Data drift is when the statistical distribution of input features in production changes compared to training. The model was trained on one distribution, but in production it sees a different one. This is detectable immediately by comparing feature statistics - means, variances, percentiles - between a recent production window and the training baseline.

What is concept drift and how does it differ from data drift?

Concept drift is when the relationship between features and the target changes, even if the features themselves look the same. The data may look identical but what it means has changed. Concept drift is harder to detect because you need ground truth labels to see it - you only notice it when performance metrics degrade over time.

How do you detect model drift?

For data drift: log input features in production, track their distributions over time, and compare to training data using statistical tests (Kolmogorov-Smirnov, Wasserstein distance).

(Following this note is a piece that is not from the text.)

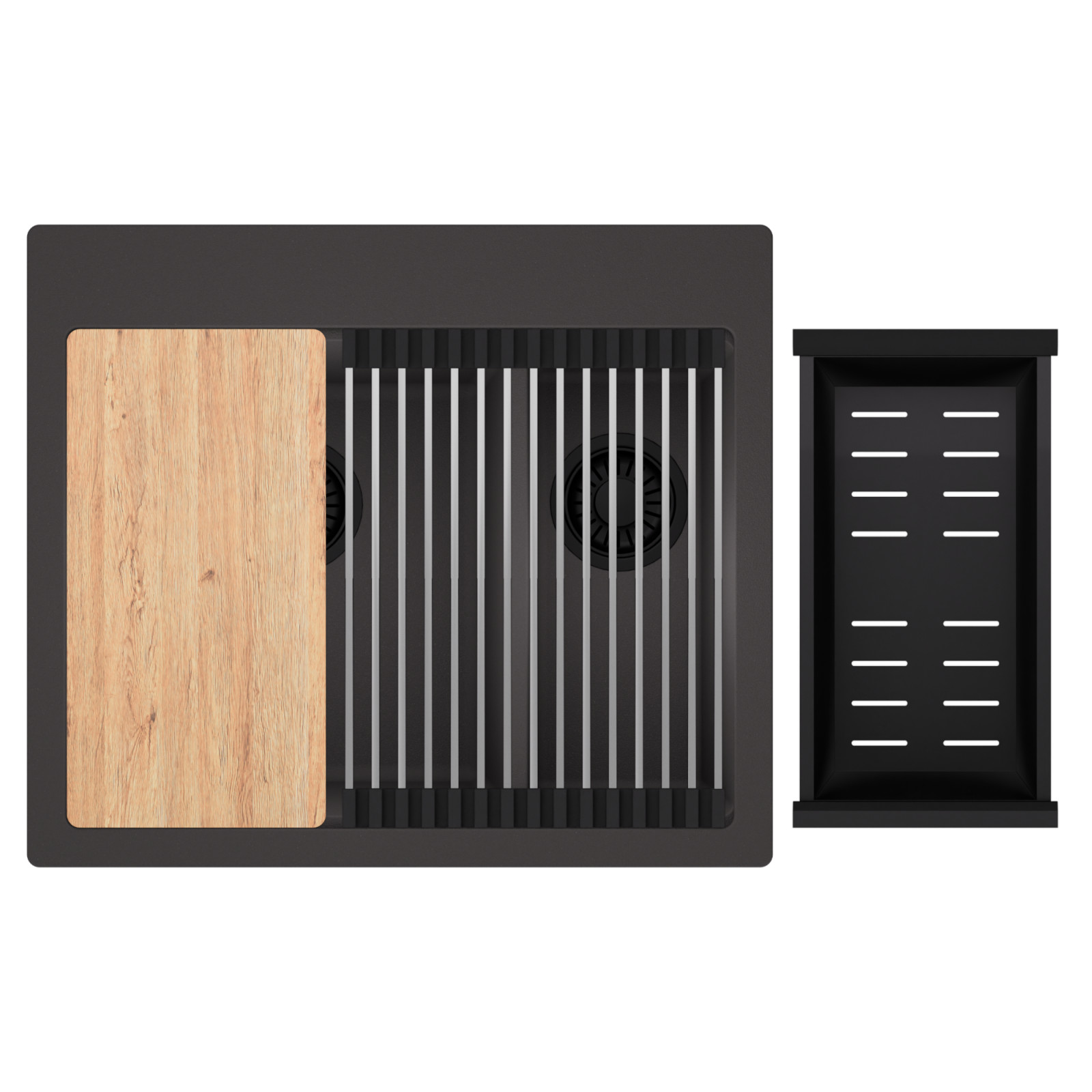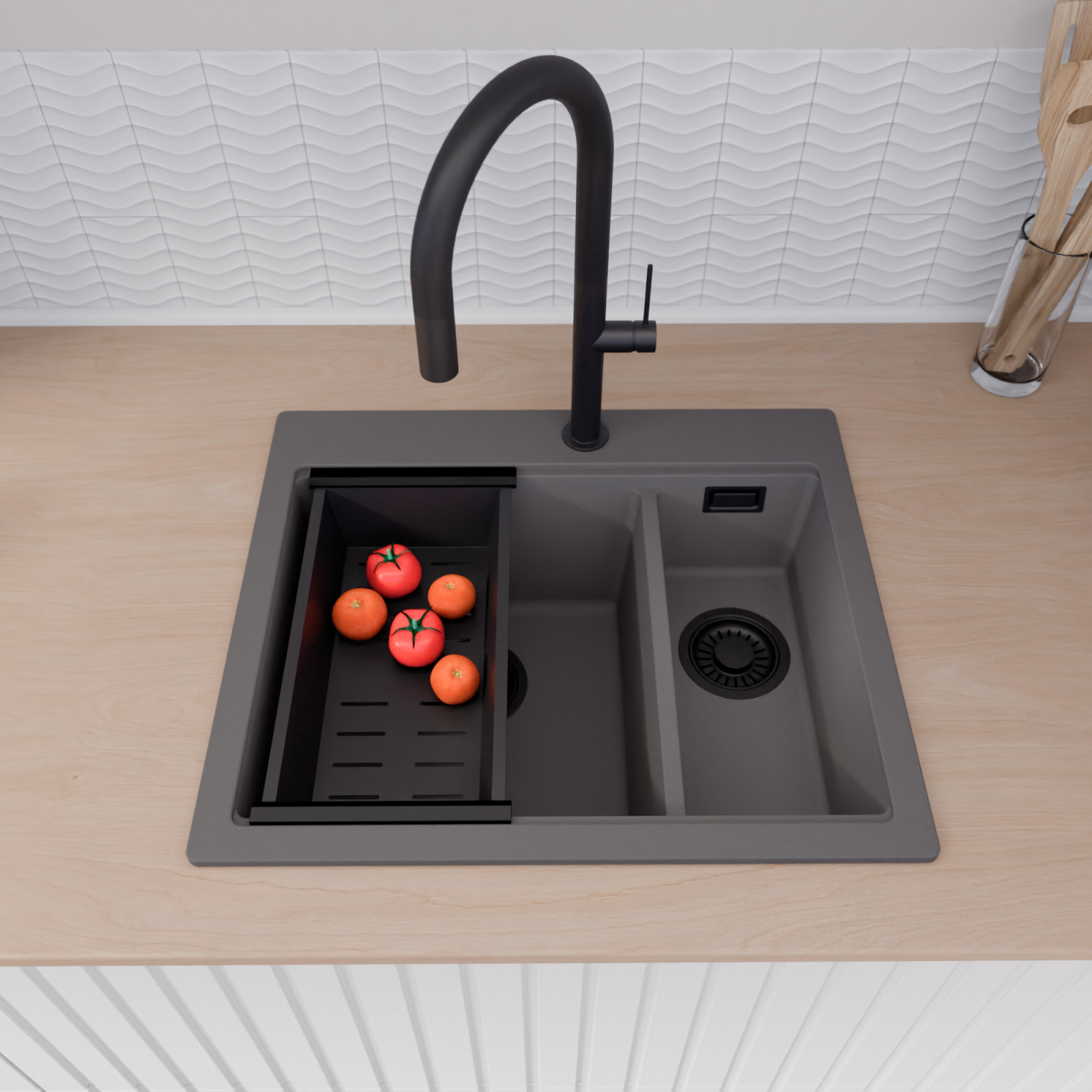 HD Aspen 58 Kétmedencés mosogatótálca szett, vágódeszkával, csepegtetőráccsal és kosárral, matt antracit

For output drift: track prediction distributions - if the model starts predicting one class 90% of the time when it used to predict 50%, something changed. For performance drift: compare predictions to ground truth labels as they become available.

What should you do when drift is detected?

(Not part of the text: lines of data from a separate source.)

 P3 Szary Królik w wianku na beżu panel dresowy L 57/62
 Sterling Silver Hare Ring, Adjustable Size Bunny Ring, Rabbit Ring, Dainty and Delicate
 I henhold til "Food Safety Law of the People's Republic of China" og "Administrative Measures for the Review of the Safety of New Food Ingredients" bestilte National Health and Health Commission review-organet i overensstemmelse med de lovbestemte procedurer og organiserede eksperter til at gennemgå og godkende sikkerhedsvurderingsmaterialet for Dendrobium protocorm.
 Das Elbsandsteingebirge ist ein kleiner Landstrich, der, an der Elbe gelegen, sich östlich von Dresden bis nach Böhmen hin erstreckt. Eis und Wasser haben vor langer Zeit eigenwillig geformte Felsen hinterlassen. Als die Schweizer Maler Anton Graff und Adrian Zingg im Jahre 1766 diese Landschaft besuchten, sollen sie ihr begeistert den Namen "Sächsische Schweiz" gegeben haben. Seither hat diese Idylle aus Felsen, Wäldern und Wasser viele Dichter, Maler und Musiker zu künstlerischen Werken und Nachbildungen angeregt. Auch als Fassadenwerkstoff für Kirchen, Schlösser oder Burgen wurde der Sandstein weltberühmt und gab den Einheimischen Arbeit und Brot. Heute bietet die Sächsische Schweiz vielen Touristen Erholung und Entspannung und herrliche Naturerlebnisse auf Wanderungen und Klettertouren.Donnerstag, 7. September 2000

First investigate: understand what changed and why. Then choose a response: retrain on newer data (most common), accept the degradation if it's minor, change the problem definition if the business has fundamentally changed, or fix the data pipeline if the drift is caused by a broken ingestion step. Drift detection should be automated and should trigger a defined response process.

How It Works

Detecting data drift: At training time, record baseline statistics for each feature (mean, standard deviation, quartiles, value counts for categoricals). At serving time, maintain a rolling window of recent predictions. Periodically compute the same statistics on the window and compare. Statistical tests like KS test (for continuous features) or chi-squared (for categorical features) quantify how different the distributions are.

Detecting concept drift: Requires labels. Track accuracy, precision, recall, or domain-specific metrics on a rolling window. If performance is significantly below the training baseline, concept drift is likely. Shadow mode - running a challenger model in parallel and comparing - can also surface concept drift before it affects production users.

Automated retraining pipelines: Drift alert triggers data collection. New labelled data is assembled. A new model trains. Evaluation gate compares new model vs current production model on a holdout set. If the new model wins, it's deployed gradually (10%, 50%, 100%). If it loses, the alert is escalated to a human.

Key Points
  • Drift is inevitable - the world changes, training data doesn't update automatically
  • Data drift: input feature distributions shift - detectable immediately by comparing statistics
  • Concept drift: the feature-target relationship changes - only visible through performance degradation
  • Monitor inputs (feature distributions), outputs (prediction distributions), and performance (if labels available)
  • KS test and Wasserstein distance are standard statistical tools for quantifying distribution differences
  • Drift detection should trigger automated alerts, not wait for customer complaints
  • Response options: retrain, accept degradation, change the problem, or fix the pipeline
  • Most teams don't monitor seriously enough - they find out about drift from business metrics, not ML metrics
Sources
  • Gama, J. et al. (2014). A Survey on Concept Drift Adaptation. ACM Computing Surveys.
  • Klaise, J. et al. (2020). Alibi Detect: Algorithms for Outlier, Adversarial and Drift Detection. JMLR.
  • Ackerman, S. et al. (2021). Machine Learning Monitoring. arXiv.
  • Evidently AI. (2024). Open-Source ML Monitoring. evidentlyai.com.